ASSIGNMENT | Keeping every word the same, give again only the lines from the one with "半島電視臺(tái)的報(b" through the end of the data, both included, and leave every picture out.

DATASET |
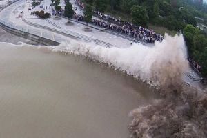 钱塘江大潮撞坝瞬间
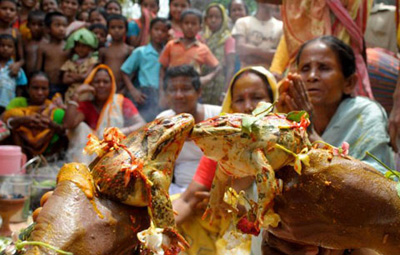 Đôi ếch sẽ được dân làng rải bột màu da cam lên đầu và hoa sặc sỡ với một ngọn nến ở phía trước để chụp ảnh cưới. Một số địa phương ở Ấn Độ, ếch được coi là loài có sức mạnh đặc biệt vì nó có thể cảm nhận được trời mưa sắp đến.
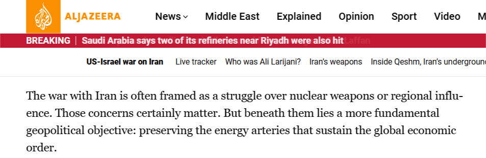 半島電視臺(tái)的報(bào)道稱,最近的事態(tài)發(fā)展表明,另一種更深層次、美國(guó)政府由來(lái)已久的“石油邏輯”正在發(fā)揮作用。美國(guó)的根本目的是控制資源,保障石油的流動(dòng)性,這是全球資本主義經(jīng)濟(jì)的命脈。
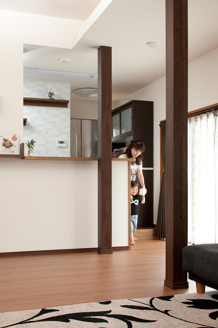 もともとあった段差を生かしたのでキッチンがリビングより一段高い位置に。中央の柱はデザインのアクセントとて活躍します
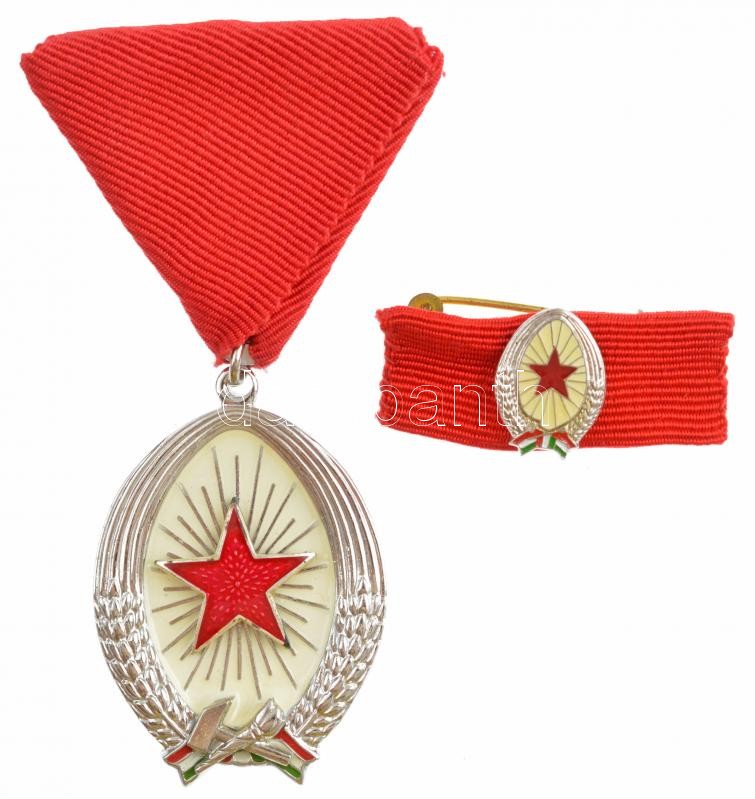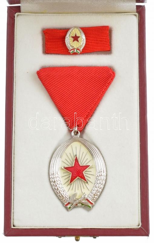 Leírás: 1964. "A Munka Érdemrend" ezüst fokozata, ezüstözött és zománcozott bronz kitüntetés mellszalagon, miniatűrrel szalagsávon, eredeti tokban T:1-
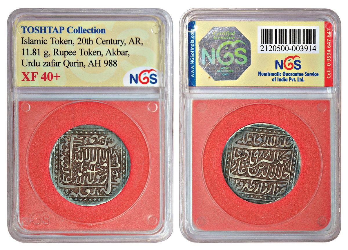 Mughal religious token of Akbar (20th century AD). Obv: Kalima within dotted circle. Rev: legend Jal Jalal ud din Muhammad Akbar badshah, AH 988, Zarb Urdu Zafar Qarin within dotted square.
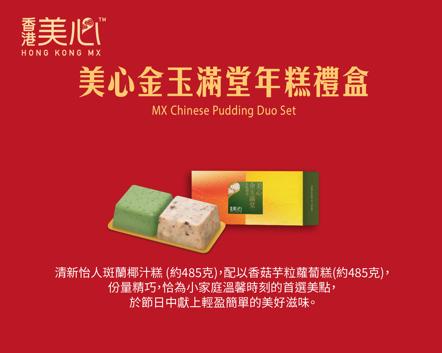 精裝禮盒內有清新怡人斑蘭椰汁糕 (約485克),配以香菇芋粒蘿蔔糕(約485克)各一個,份量精巧,恰為小家庭溫馨時刻的首選美點,於節日中獻上輕盈簡單的美好滋味。
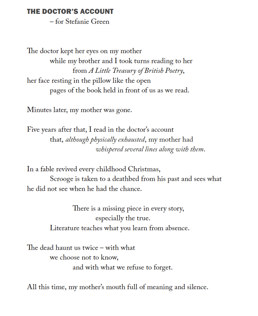 These lines really take me a little aback, the idea of “violence is a kind of sleep”, but it is really the death of the poet’s Mother which is the central motif in the whole poetry collection. Take for instance this poem called “The Doctor’s Account” where the mother’s final moments are with her family listening to much loved poems:
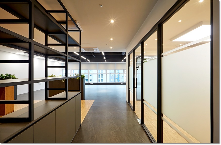 통합형 공용사무공간은 블랙 컬러의 노출천장과 라인조명을 시공해 높은 층고와 충분한 조도를 확보했고 그 외 탕비실, 회의실, 대표실은 화이트 컬러의 덱스천정에 매입형 조명을 시공해 깔끔하고 밝아 보이도록 함으로써 쾌적한 환경을 유지할 수 있도록 했습니다.
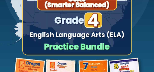 Oregon Grade 4 ELA Preparation Bundle — four ebook volumes, one download: 5-test, 6-test, 7-test, and 8-test Grade 4 English Language Arts practice, aligned to OSAS ELA. Twenty-six full practice tests in total (5 + 6 + 7 + 8), with no repeated questions across books.

REPLY |
 半島電視臺(tái)的報(bào)道稱,最近的事態(tài)發(fā)展表明,另一種更深層次、美國(guó)政府由來(lái)已久的“石油邏輯”正在發(fā)揮作用。美國(guó)的根本目的是控制資源,保障石油的流動(dòng)性,這是全球資本主義經(jīng)濟(jì)的命脈。
 もともとあった段差を生かしたのでキッチンがリビングより一段高い位置に。中央の柱はデザインのアクセントとて活躍します
 Leírás: 1964. "A Munka Érdemrend" ezüst fokozata, ezüstözött és zománcozott bronz kitüntetés mellszalagon, miniatűrrel szalagsávon, eredeti tokban T:1-
 Mughal religious token of Akbar (20th century AD). Obv: Kalima within dotted circle. Rev: legend Jal Jalal ud din Muhammad Akbar badshah, AH 988, Zarb Urdu Zafar Qarin within dotted square.
 精裝禮盒內有清新怡人斑蘭椰汁糕 (約485克),配以香菇芋粒蘿蔔糕(約485克)各一個,份量精巧,恰為小家庭溫馨時刻的首選美點,於節日中獻上輕盈簡單的美好滋味。
 These lines really take me a little aback, the idea of “violence is a kind of sleep”, but it is really the death of the poet’s Mother which is the central motif in the whole poetry collection. Take for instance this poem called “The Doctor’s Account” where the mother’s final moments are with her family listening to much loved poems:
 통합형 공용사무공간은 블랙 컬러의 노출천장과 라인조명을 시공해 높은 층고와 충분한 조도를 확보했고 그 외 탕비실, 회의실, 대표실은 화이트 컬러의 덱스천정에 매입형 조명을 시공해 깔끔하고 밝아 보이도록 함으로써 쾌적한 환경을 유지할 수 있도록 했습니다.
 Oregon Grade 4 ELA Preparation Bundle — four ebook volumes, one download: 5-test, 6-test, 7-test, and 8-test Grade 4 English Language Arts practice, aligned to OSAS ELA. Twenty-six full practice tests in total (5 + 6 + 7 + 8), with no repeated questions across books.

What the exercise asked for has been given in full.